*What you have to do*. For this exercise, repeat exactly the lines below starting at the line holding "Copart Nr: C-73237635" and ending at the line holding "DEFINITE INTEGRALREVIEW First, let", both included, with no extra lines and no pictures.

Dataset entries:
────────────────────

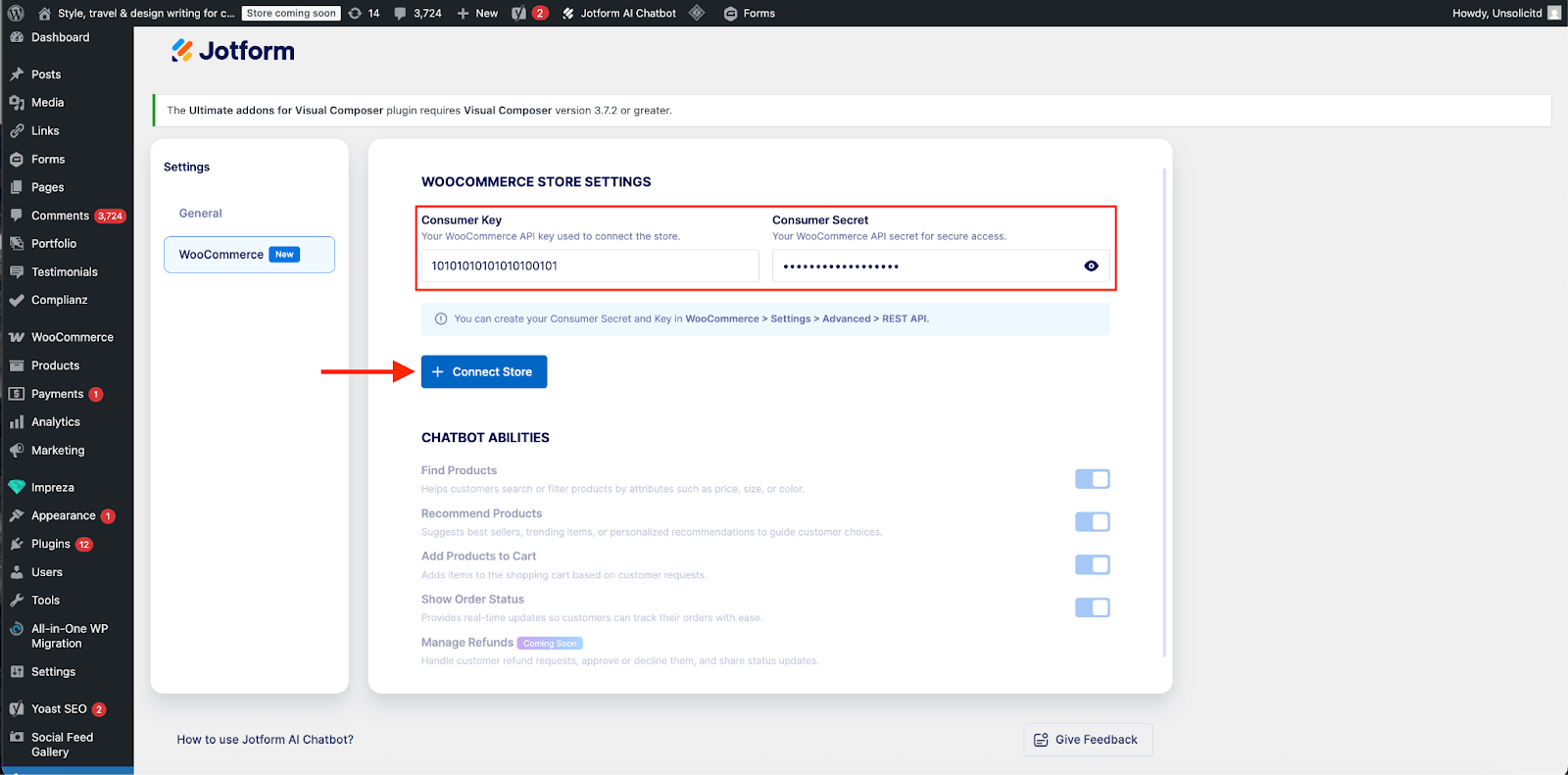 To sync your WooCommerce account with your agent, enter your Consumer Key and Consumer Secret, then click Connect Store.
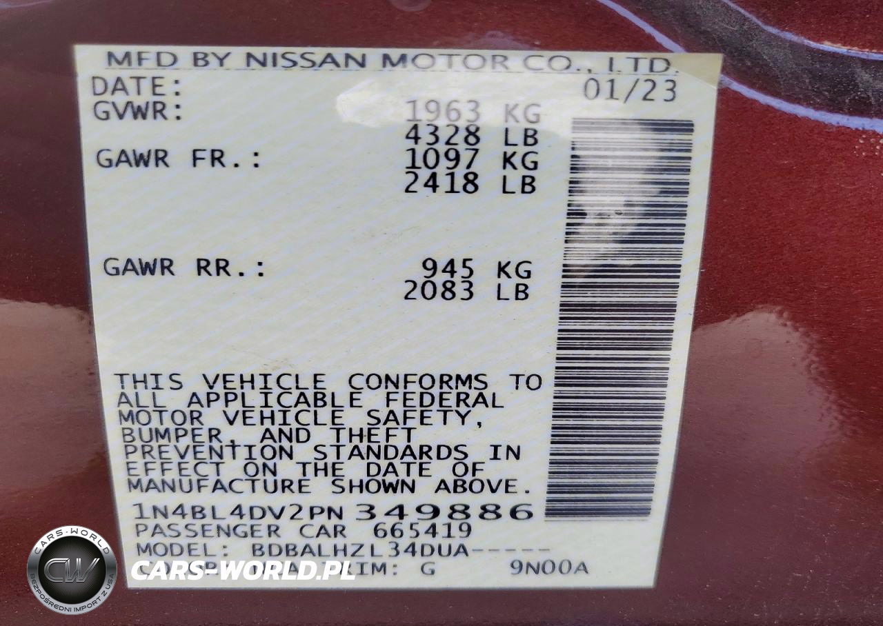 Copart Nr: C-73237635 VIN: 1N4BL4DV2PN349886 Port: Savannah, GA
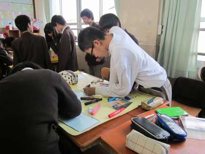 生徒たちは、校外学習で興味を持ったことを調べ、ポスターに書き込んだり、感想を書き込んだりしながら、班で考えながらまとめていました。このような取組が、今後授業の中でも行われるようになり、自らの考えをまとめ、意見交流し、学びを深めていくアクティブラーニングにつながっていくことかと思います。
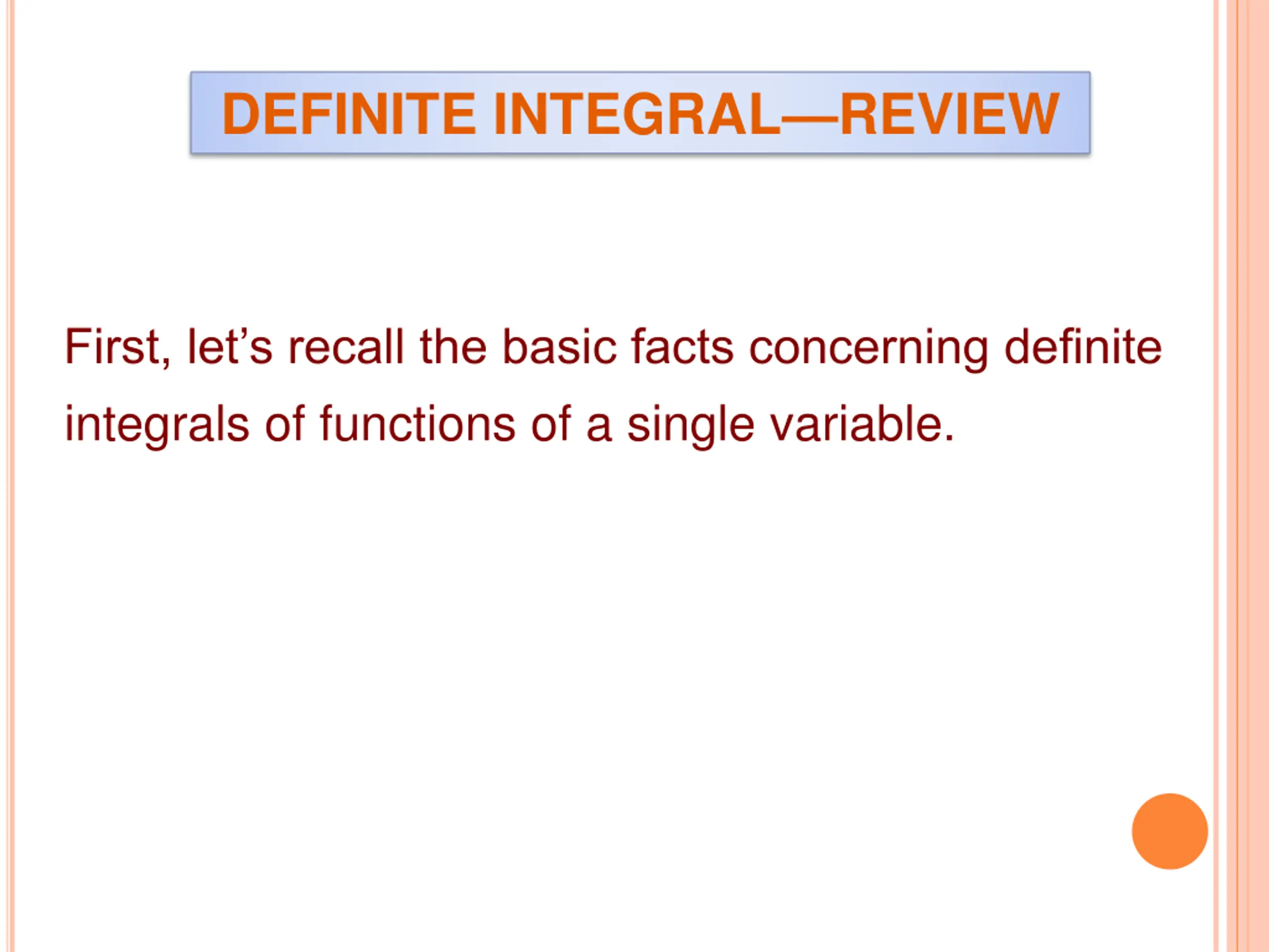 DEFINITE INTEGRALREVIEW First, let s recall the basic facts concerning definite integrals of functions of a single variable.
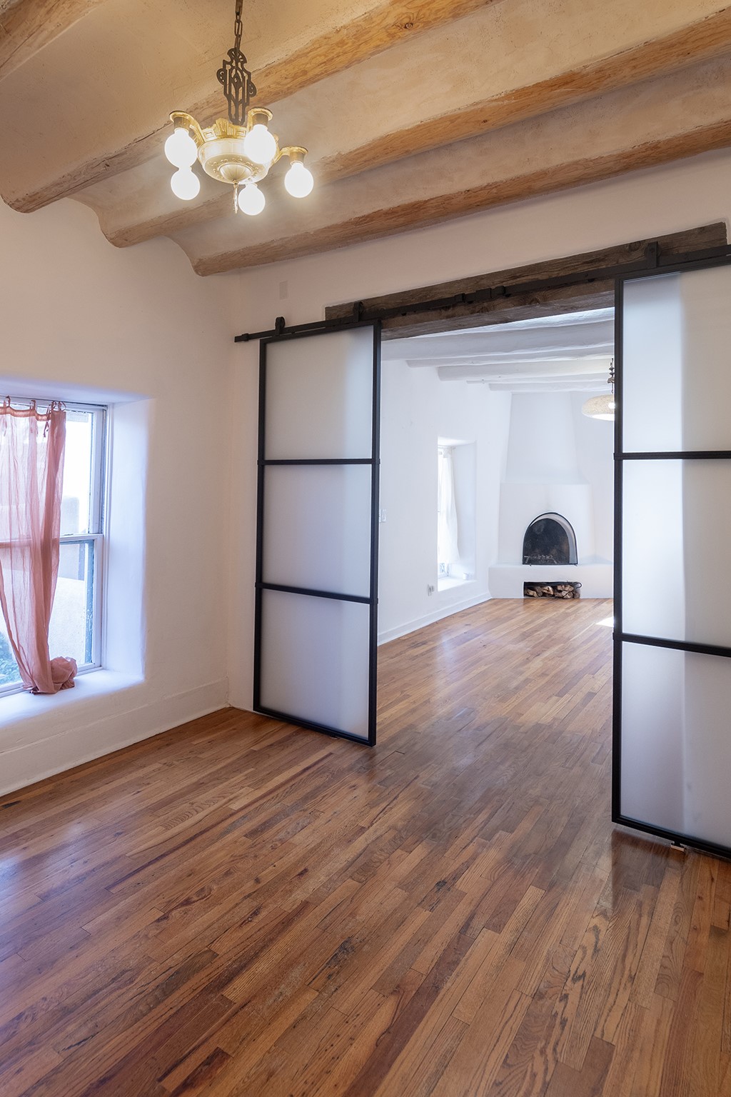 Historic two-bedroom 1.5 bath single level home with true Santa Fe touches, original vigas, coved ceilings, adobe walls and original wood floors. A large sunny living room includes a new skylight and a completely rebuilt kiva fireplace and an efficient gas stove for cozy winter nights. Two spacious bedrooms, one with beautiful sliding doors that allow the space to double as an office or den. The hall bath with Saltillo tile includes a new skylight and glass enclosure. The eat-in kitchen, also with Saltillo tile floors, has new counters, sink and refrigerator. The washer, dryer and tankless hot water heater are new as well. The property includes a front porch, a private shady seating area for dining and relaxing, and a beautiful, large-shared patio. Whether you are looking for a full-time residence or an investment property, this home checks all the boxes. Located in the desirable South Capitol neighborhood close to the Railyard, Plaza, shopping and restaurants. The unit comes with two designated off -street parking spaces and an outdoor closet provides extra storage space.

────────────────────

*Solved problem*.
 Copart Nr: C-73237635 VIN: 1N4BL4DV2PN349886 Port: Savannah, GA
 生徒たちは、校外学習で興味を持ったことを調べ、ポスターに書き込んだり、感想を書き込んだりしながら、班で考えながらまとめていました。このような取組が、今後授業の中でも行われるようになり、自らの考えをまとめ、意見交流し、学びを深めていくアクティブラーニングにつながっていくことかと思います。
 DEFINITE INTEGRALREVIEW First, let s recall the basic facts concerning definite integrals of functions of a single variable.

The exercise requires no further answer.